Le cause possono essere riportate ad uno stato di fragilità dei capillari, costituzionale o acquisita. Su questa condizione di base influiscono svariati fattori come l'esposizione eccessiva alle radiazioni solari, al caldo o al freddo, le brusche variazioni di temperatura, l'assunzione di liquidi caldi, cibi piccanti, bevande alcoliche; fattori neuro-vegetativi come digestione difficile e stipsi; fattori ormonali ed emozionali.

La rosacea può manifestarsi in quattro stadi evolutivi:

  • Diatesi della rosacea: episodici arrossamenti del volto ("flushing")
  • Stadio I: arrossamento persistente del volto con teleangectasie (sottile rete di capillari rosso-violacea visibile attraverso l'epidermide), conosciuto come couperose.
  • Stadio II: arrossamento persistente, teleangectasie, papule e pustole, assumendo un aspetto che somiglia all'acne.
  • Stadio III: arrossamento persistente, teleangectasie, papule, pustole, con formazione di noduli e gonfiore del viso.

Oltre ai problemi di pelle, la rosacea può provocare manifestazioni oculari (occhi "rossi" dovuti a blefarite, congiuntivite e cheratite).

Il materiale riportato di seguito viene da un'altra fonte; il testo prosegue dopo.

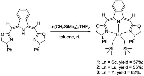 Recently, we have paid attention to the synthesis of the NNN-ligated rare-earth metal dialkyl complexes and their applications in IP polymerization. In 2013, we reported the synthesis of a series of chiral (S,S)-bis(oxazolinylphenyl)amine ((S,S)-BOPA)-ligated rare-earth metal dialkyl complexes [(S,S)-BOPA]Ln(CH2SiMe3)2 (1–2; 1: Ln = Sc; 2: Ln = Lu). In the presence of an activator with or without a small amount of AliBu3, the dialkyl complexes 1 and 2 exhibited very high activities of up to 6.8 × 105 (g of polymer)/(molLn h) and trans-1,4 selectivities of up to 100% in the quasi-living polymerization of isoprene, yielding trans-1,4-PIPs with moderate molecular weights (Mn = (0.2–1.0) × 105 g/mol) and narrow molecular weight distributions (Mw/Mn = 1.02–2.66) [38]. Recently, we also reported that the 1,3-bis(2-pyridylimino)isoindoline-ligated rare-earth metal dialkyl complexes showed very high activities of up to 1.9 × 106 (g of polymer)/(molLn h) and high cis-1,4 selectivities of >99% in the polymerization of isoprene in the presence of an activator and AlR3, affording CPIP with heavy molecular weights (Mn up to 610,000 g/mol) and narrow to moderate molecular weight distributions (Mw/Mn = 1.26–2.08) [39]. These results demonstrated that the effective adjustment of the skeleton of the pincer-type NNN ligand have an important impact on the catalyst performance of these rare-earth metal complexes in IP polymerization, which rouses our interests to explore more NNN-ligated rare-earth metal dialkyl complexes and to detect their catalytic performance in the selective polymerization of IP. 1,3-Bis(oxazolinymethylidene)isoindoline (BOXMI-H) ligand, which has structural characteristics of both the (S,S)-bis(oxazolinylphenyl)amine and 1,3-bis(2-pyridylimino)isoindoline ligands, is an interesting chiral tridentate C2-symmetric NNN ligand for the organometallic complex based on transition metals for the asymmetric reaction [40,41,42,43]. Until now, the BOXMI-H-ligated rare-earth metal complexes have never been reported, and their applications for the coordination–insertion polymerization of olefin have never been investigated, as far as we are aware. Herein, we report the synthesis of three pincer-type BOXMI-H-ligated rare-earth metal dialkyl complexes (BOXMI)Ln(CH2SiMe3)2 1–3 (1: Ln = Sc; 2: Ln = Lu; 3: Ln = Y) via the acid–base reaction between the BOXMI-H ligand and rare-earth metal trialkyl complexes. These complexes 1–3 exhibited high activities of up to 6.8 × 104 (g of polymer)/(molLn h) and high cis-1,4 selectivities of up to 97% in the IP polymerization in toluene, affording cis-1,4-polyisoprenes with heavy molecular weights (Mn of up to 710,000 g/mol) and bimodal molecular weight distributions (Mw/Mn = 2.0–4.5).

Trattamenti per la couperose-rosacea:

  • Farmaci locali e antibiotici orali
  • Isotretinoina orale (in casi gravi)
  • Luce Intensa Pulsata Medicale - per trattare le teleangectasie
  • Laserterapia (Laser capillari viso) - per trattare i capillari

La Malattia della pelle EczemaI termini eczema e dermatite sono usati in modo intercambiabile, indicando un quadro di reazione infiammatoria polimorfa che interessa epidermide e derma.

Dermatite da contatto è il termine generico con cui si definiscono reazioni infiammatorie dovute a sostanze che vengono in contatto con la cute. La dermatite da contatto si manifesta con rossore, gonfiore e vescicole nei casi acuti e con secchezza, screpolatura, desquamazione, fissurazioni e rossore nei casi cronici.

La dermatite da contatto irritativa è causata dall'esposizione della cute ad agenti chimici o fisici in grado di irritare la pelle in modo acuto o cronico. Le mani sono la sede più comunemente colpita.

La dermatite da contatto allergica è causata da una nuova esposizione a una sostanza nei confronti della quale un individuo si è sensibilizzato previamente. Gli allergeni possono essere presenti nei gioielli, prodotti per la cura personale, nei farmaci topici, piante, prodotti casalinghi e altri.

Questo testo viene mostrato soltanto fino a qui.